Intel® Moderncode for Parallel Architectures
Support for developing parallel programming applications on Intel® Architecture.

## Access Time to the L1 Data Cache

Beginner
621 Views
Hi,

I have a small piece of code for which I am analyzing the clock cycles required.
The pseudo code is as follows :

loop(){
a0 = random() % 256; a1 = random() % 256;
a2 = random() % 256; a3 = random() % 256;

b0 = random() % 256; b1 = random() % 256;
b2 = random() % 256; b3 = random() % 256;

start = timestamp() // using the rdtsc instruction
x0 = array1[a0]; y0 = array2[b0];
x1 = array1[a1]; y1 = array2[b1];
x2 = array1[b2]; y2 = array2[a2];
x3 = array1[b3]; y3 = array2[a3];
stop = timestamp()

totaltime += (stop - start);
}

1. The array1 and array2 are unsigned char of size 256 bytes (defined globally)
2. I run this loop for 2^23 times, and find the average time.
3. Then I plot a graph of the value of a0 on x-axis and average time taken on the y-axis.

I find that the average time taken is highly dependent on the value of a0.
I am unable to find a reason for this. Does this mean that access times to
the cache depends on the value of the address being accessed.

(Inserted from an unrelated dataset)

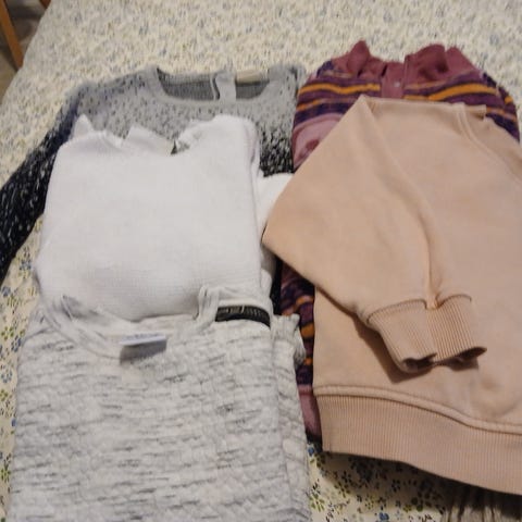 Bogi, Finlayson ja Mayotal kirjavia tytöille tarkoitettuja vaatteita, koko 92. Setti sisältää monivärisiä, kirjava-kuvioituja vaatteita, jotka sopivat lapsen käyttöön.
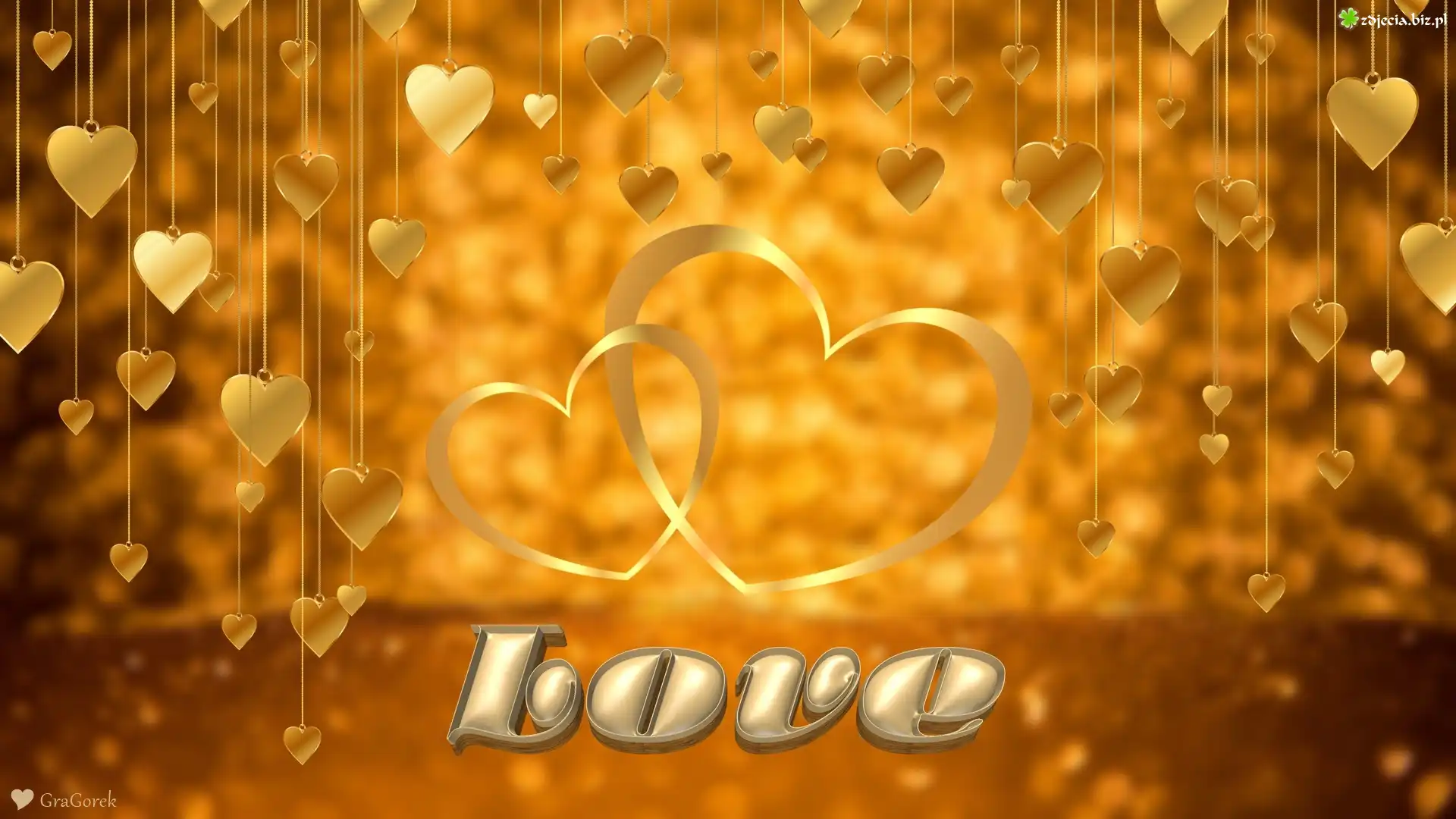 Zdjęcie Serca, Złote, Serduszka, Napis, Love, Grafika

I am using an Intel Core 2 Duo with 32KB L1 D cache, 8 way associativity,
and 64 byte line size.

Any help in this regard would be greatly appreciated.

Regards

Chet
3 Replies
Honored Contributor III
621 Views
Did you write random()?

If not, there may be some undesirable runtime interaction issues with your program.
Obtain or write your own pseudo random number generator that is short and does not make system calls.

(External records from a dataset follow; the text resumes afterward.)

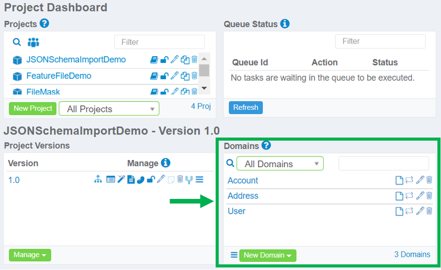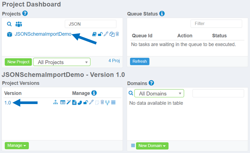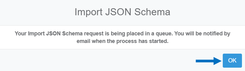 - The JSON Schema import will appear in Queue Status Pane within the Project Dashboard.
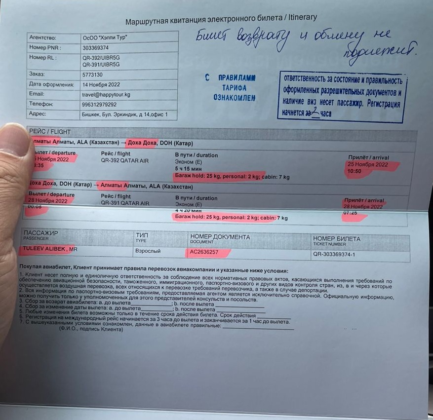 По его словам, он вместе с друзьями приобрел билеты в Катар, забронировал номер в гостинице и билеты на матч, зарегистрировался в приложении «Hayya». Однако улететь кыргызстанцам так и не удалось.
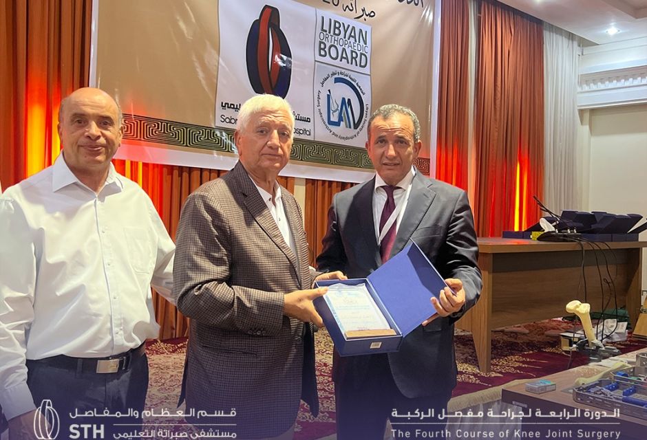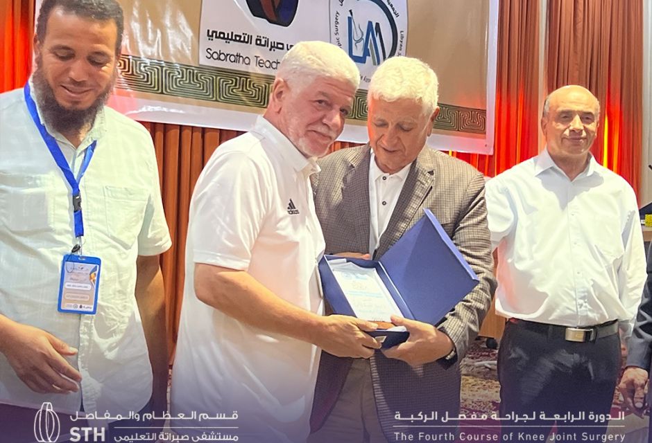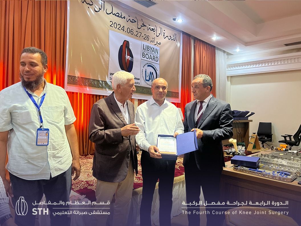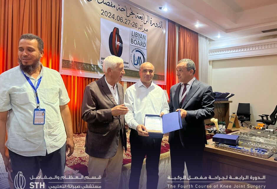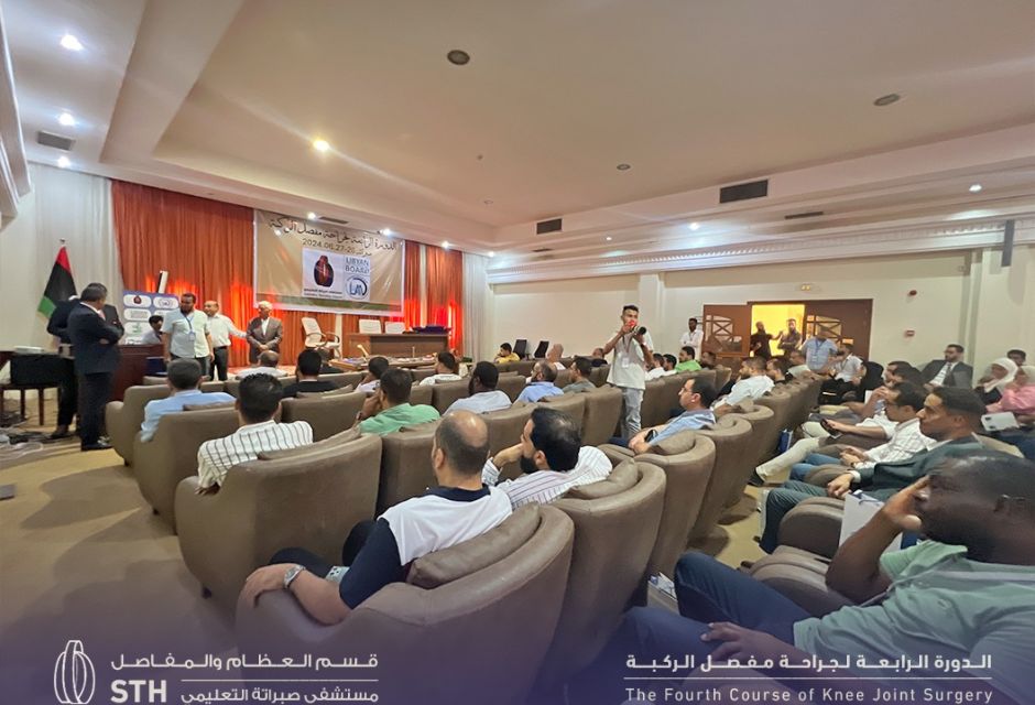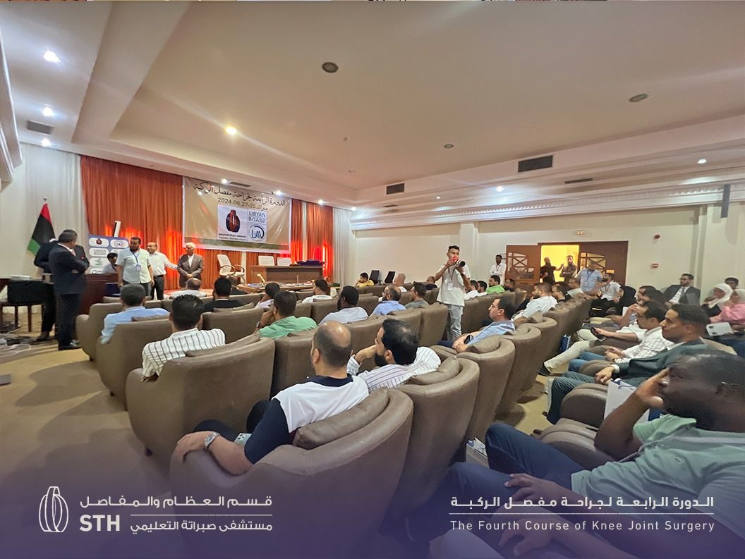 The fourth edition of the Knee Joint Surgery training course was launched at the Tellil complex, under supervision of Sabratha Teaching Hospital. The two-day course began in the morning with welcoming remarks addressed to the doctors who arrived from various Libyan cities, representing the specialties of orthopedics and joint replacement.

Align array1 at 2048 (or at least 512), make array2 immediately after array1

Now you have consistent memory placement for array1 and array2 and both are within the same VM page.

Perform the per/a0 summation within your inner tight loop

totalsPer_a0[a0] += totaltime

Note, this will add 256*8 bytes to the L1 cache consumption. If the totals array is in the same VM page as the other two pages then this will put less pressure on your TLB cache.

Cache access may be more effective when subsequent reads lay within the same cache line and when subsequent reads are located at higher address. Therefore you will find a varience in time not with placement of a0, but with the relative displacement of the other indexes. (relative to each other as well as to a0)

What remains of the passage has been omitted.